Deeper Dive: A Computational Tour de Force
In their Nature paper, the Harvard and Allen Institute group and coauthor Hood have produced a reconstruction of an excitatory nerve-cell network in the brain’s cortex at a subcellular level.
The work was a tour de force of two-photon fluorescence microscopy (to identify the nerve cells responding to a given orientation of visual lines), electron microscopy and computation. To connect the electron microscope images into a 3D reconstruction, the scientists first had to merge thousands of individual images for each slice into a single large image of the entire slice. They next aligned the adjacent slices. They could then combine these pairwise alignments over the entire stack to calculate exactly how to correct the distortion present in each slice and place its corrected image back into an aligned stack.
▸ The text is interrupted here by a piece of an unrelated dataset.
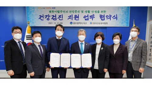 광주광역시 서구(구청장 서대석)가 지난 21일 북한이탈주민의 건강증진 및 생활 안정을 위해 한국건강관리협회 광주·전남지부(본부장 김계환)와 건강검진 지원 업무협약을 체결…

The group only reconstructed 0.03 cubic millimeter of the mouse brain, a volume that would go into a teaspoon about 167,000 times. But this still resulted in about 10 million camera images, amounting to roughly 100 Terabytes of raw data—about the computer storage required for nearly 30 million high-resolution, large-format photographs.
Greg Hood’s work on this project was funded by a National Institutes of Health grant to The National Center for Multiscale Modeling of Biological Systems (MMBioS).